RECORD SET:
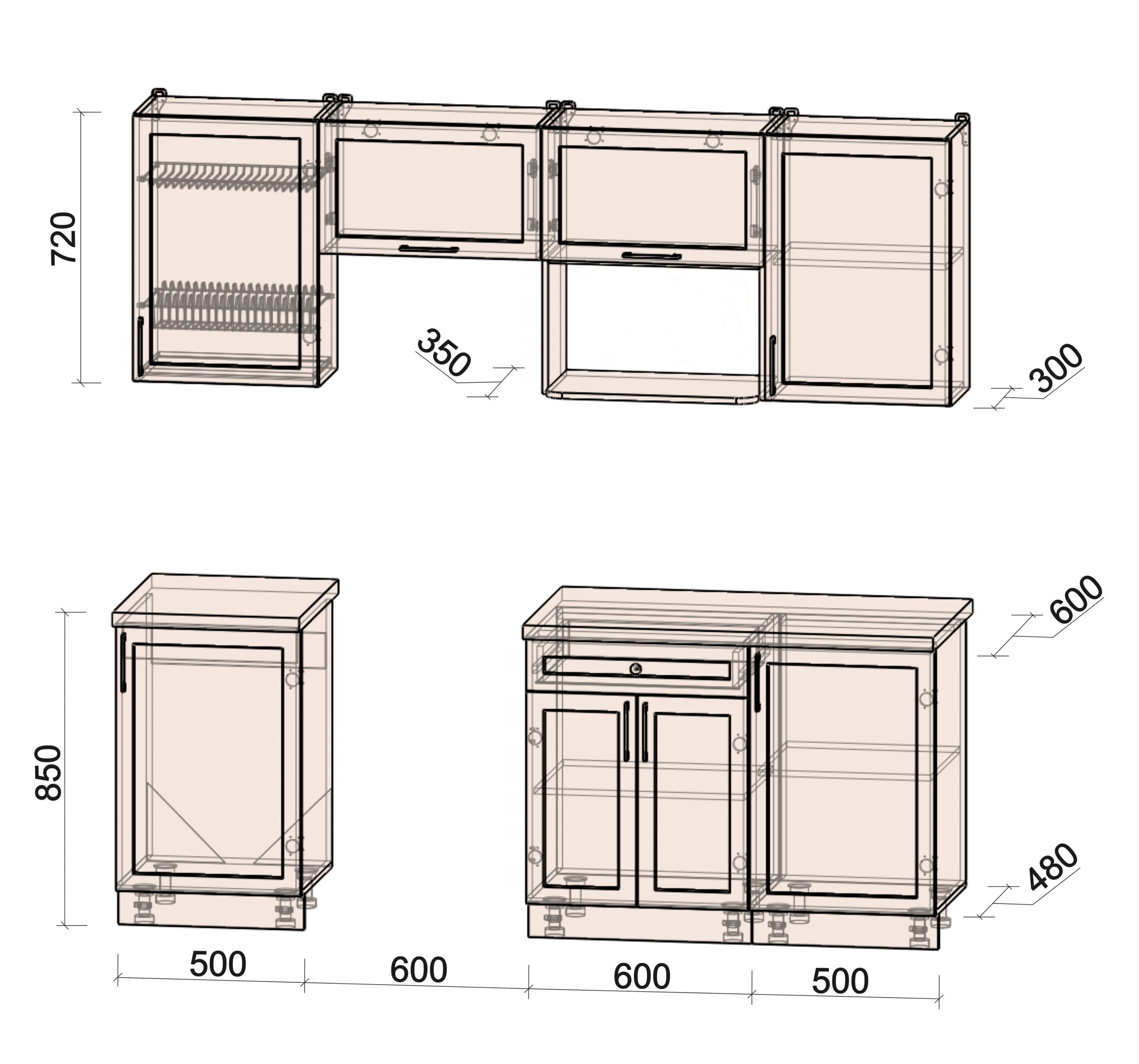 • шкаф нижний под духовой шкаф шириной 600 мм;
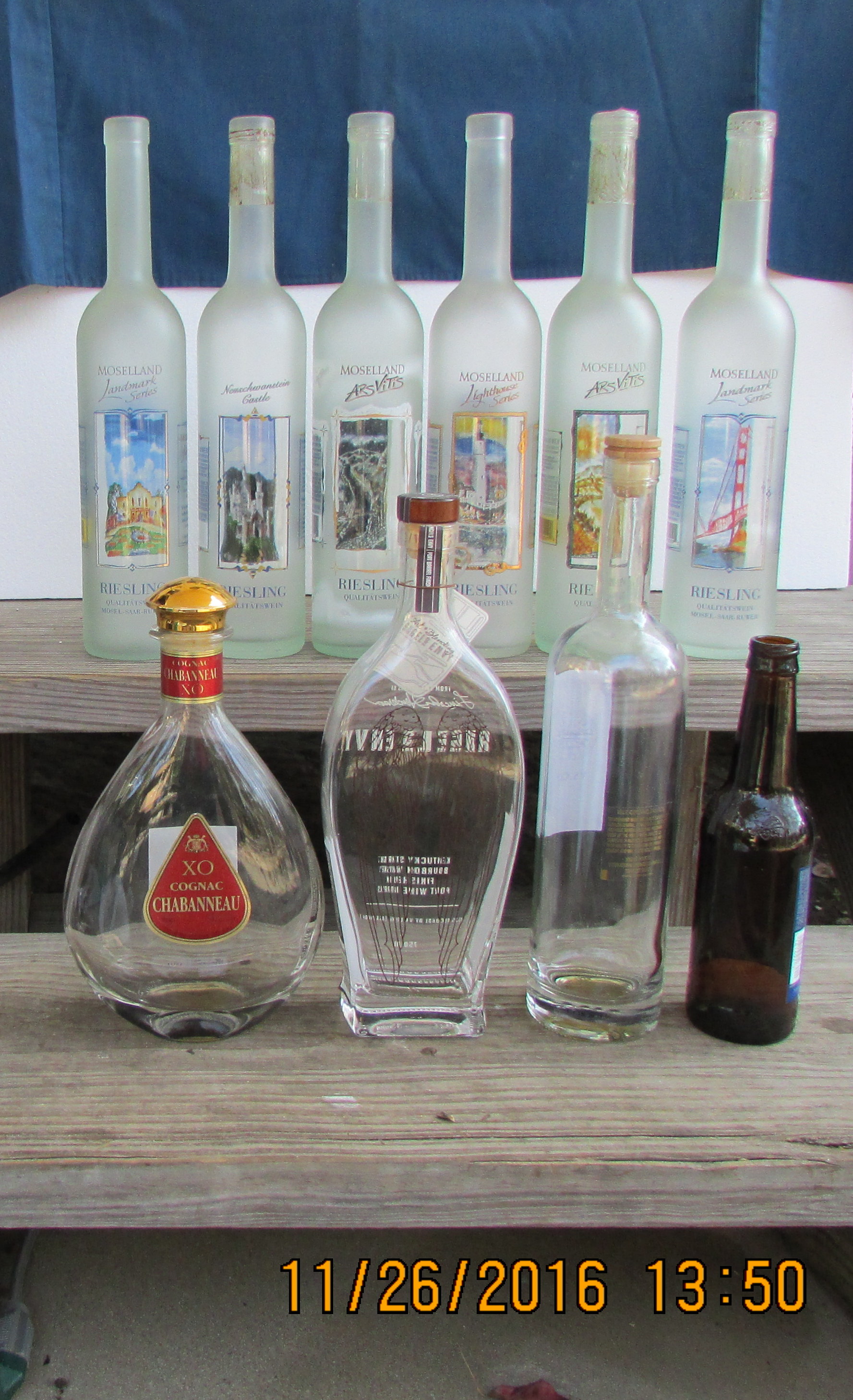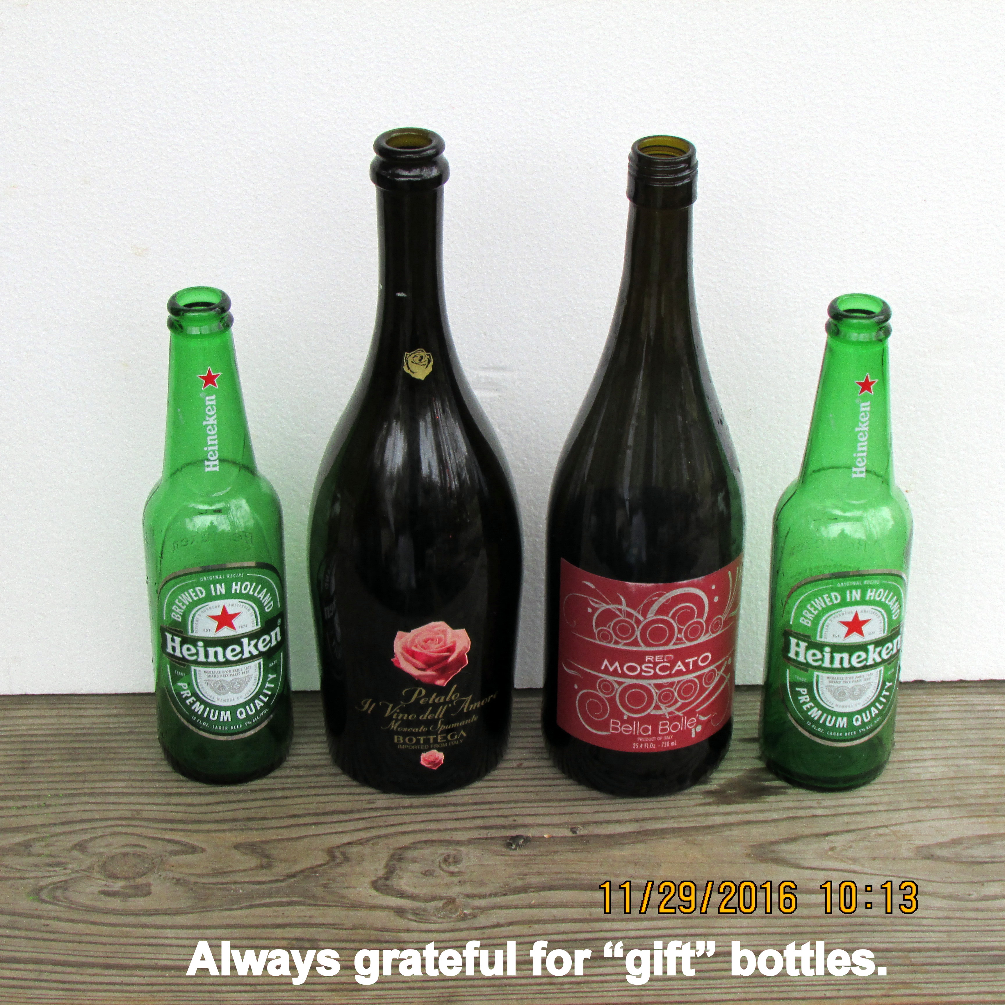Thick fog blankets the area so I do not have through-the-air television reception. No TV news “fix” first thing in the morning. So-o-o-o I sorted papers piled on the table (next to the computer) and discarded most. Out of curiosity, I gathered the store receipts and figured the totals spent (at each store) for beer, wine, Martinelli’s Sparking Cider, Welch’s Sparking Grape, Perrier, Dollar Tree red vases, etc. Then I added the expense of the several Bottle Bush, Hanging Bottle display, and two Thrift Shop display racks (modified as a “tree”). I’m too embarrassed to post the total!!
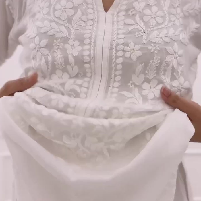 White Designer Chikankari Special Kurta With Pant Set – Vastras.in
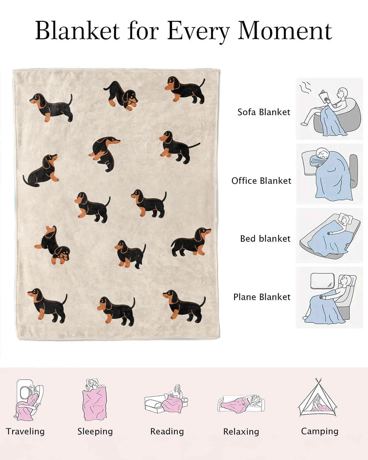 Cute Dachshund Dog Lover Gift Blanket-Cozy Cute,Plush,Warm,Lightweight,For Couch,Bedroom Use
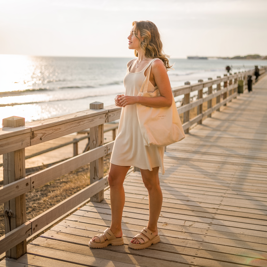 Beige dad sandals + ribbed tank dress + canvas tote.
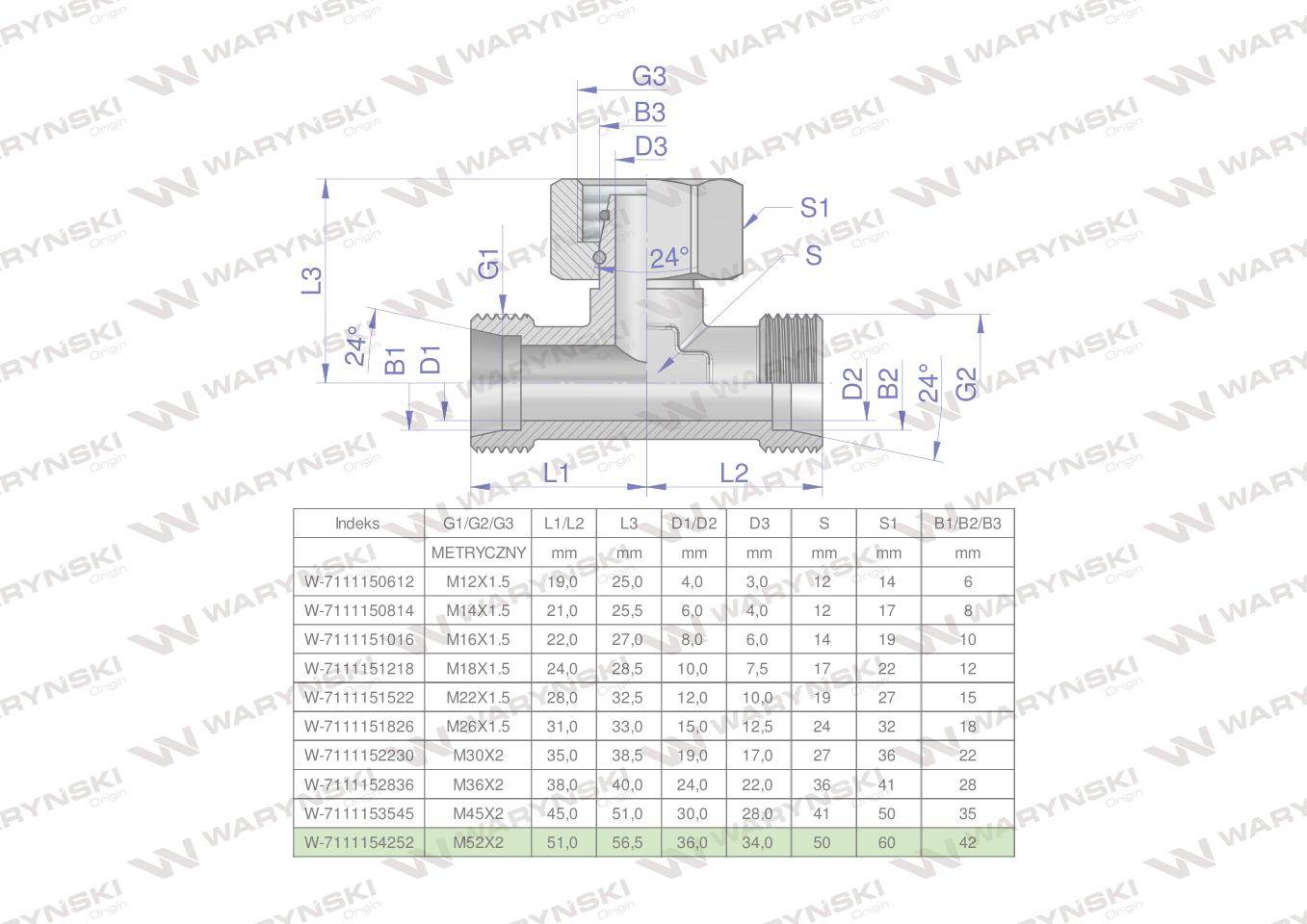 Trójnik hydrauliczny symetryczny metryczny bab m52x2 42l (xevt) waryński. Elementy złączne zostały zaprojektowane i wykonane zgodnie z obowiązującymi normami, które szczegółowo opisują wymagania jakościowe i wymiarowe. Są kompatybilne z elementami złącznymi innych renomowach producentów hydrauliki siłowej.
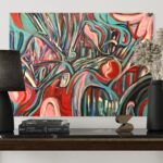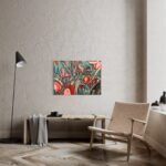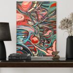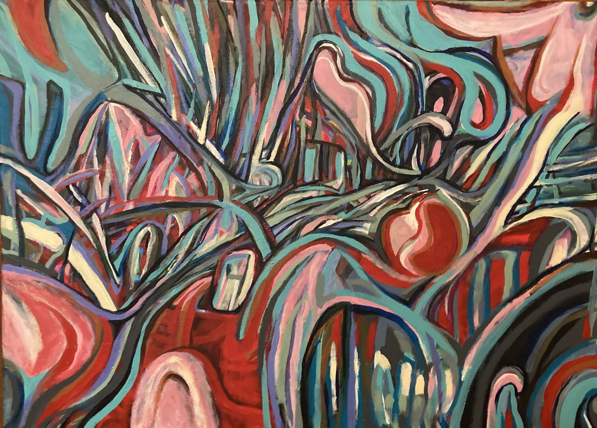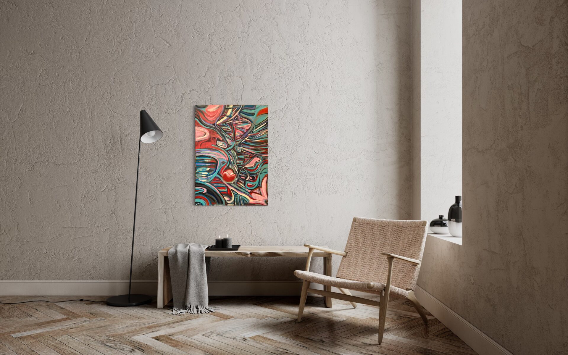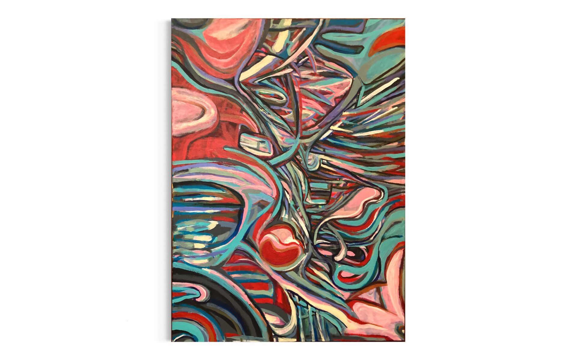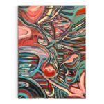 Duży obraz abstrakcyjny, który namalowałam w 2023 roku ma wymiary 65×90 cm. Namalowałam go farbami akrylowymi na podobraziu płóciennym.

TO DO: The copy you give must run from the line containing "Beige dad sandals" through the last line of the records, exactly, with the pictures left out.

TASK SOLUTION:
 Beige dad sandals + ribbed tank dress + canvas tote.
 Trójnik hydrauliczny symetryczny metryczny bab m52x2 42l (xevt) waryński. Elementy złączne zostały zaprojektowane i wykonane zgodnie z obowiązującymi normami, które szczegółowo opisują wymagania jakościowe i wymiarowe. Są kompatybilne z elementami złącznymi innych renomowach producentów hydrauliki siłowej.
 Duży obraz abstrakcyjny, który namalowałam w 2023 roku ma wymiary 65×90 cm. Namalowałam go farbami akrylowymi na podobraziu płóciennym.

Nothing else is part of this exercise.